Overall, I was saddened to see the number of stories about twisted gratitude. In a world filled with a lot of "What have you done for me lately thinking," being hopeful and grateful for so many good gifts seems to be the right thing to do, and I was hoping to see a bunch which explored that. I guess that's just me.
Sorry that I added to the twisted-gratitude pile! I agree with Provincial that it's usually harder to write a story about Good of whatever kind. When it comes to the 300s I actually do strive to write feel-good stories wherever possible, but for the 75s to my mind it's necessary to write something with immediate impact, which means it's often easier to go for something that's a bit dark.

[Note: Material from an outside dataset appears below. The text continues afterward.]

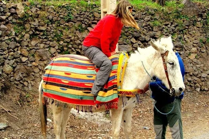 The drive through the valleys is something else—patches of green fields, tiny villages clinging to hillsides, kids waving as we passed by. In Imlil Valley, we met our mule team (the mules have names; mine was called Aicha). The ride up to the waterfalls is gentle but you feel every step under your seat. Water trickled down over mossy rocks—nothing huge, but after the dry air it felt refreshing just to dip your hands in.

I wonder, too, if there is something of the same negativity bias which has led to the axiom that good news doesn't sell newspapers -- we might get the odd story of cats trekking hundreds of miles to be reunited with their servants owners, but you're never going to see headlines of Thousands of Flights Are Incident-Free or Billions Of People Haven't Died of Covid. We want to hear good news, but we actually read bad news. So when it comes to stories, we might want one with a happy ending (cat trek ends in reunion!) but we're not likely to read far if little or nothing happens to the characters en route -- we want them to have problems and dangers which they must overcome, which means having darkness in the story, even if light ultimately wins.


Ended up voting for the judge. It was too stylish to ignore. Someone please put some music behind it and have a computer sing it. Would make a great theme song for the 'Portal' computer games.
Ha! No chance. I'm still waiting for someone to do the music** for a rap song I did back in 2013!

** and still waiting for the choreography, come to that. ;) At least this time we won't need to call on Dr BBB for an AI march past!